----- Provided material -----

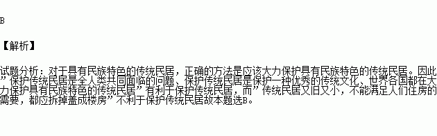 B、传统民居又旧又小,不能满足人们住房的需要,都应拆掉盖成楼房
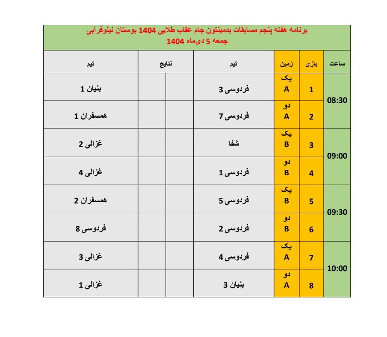 هفته پنجم مسابقات بدمینتون جام عقاب طلایی 1404 بوستان نیلوفرآبی روز جمعه 5 دیماه با انجام 8 دیدار پیگیری میگردد.
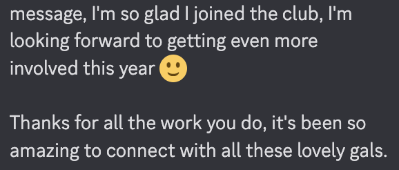 The vibe of our community is everything to us, so every member is uniquely important. Our applications are open to anyone, but our goal is to create the perfect harmony for switched-on, highly ambitious and deeply supportive girls who will push each other forward.
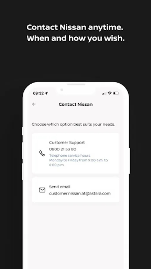 Find an authorised Nissan Workshop or Dealership using the app’s map or powerful search engine.

-----

Your goal >> Reproduce the entire listing exactly, but omit any pictures.

Exercise result >>
 B、传统民居又旧又小,不能满足人们住房的需要,都应拆掉盖成楼房
 هفته پنجم مسابقات بدمینتون جام عقاب طلایی 1404 بوستان نیلوفرآبی روز جمعه 5 دیماه با انجام 8 دیدار پیگیری میگردد.
 The vibe of our community is everything to us, so every member is uniquely important. Our applications are open to anyone, but our goal is to create the perfect harmony for switched-on, highly ambitious and deeply supportive girls who will push each other forward.
 Find an authorised Nissan Workshop or Dealership using the app’s map or powerful search engine.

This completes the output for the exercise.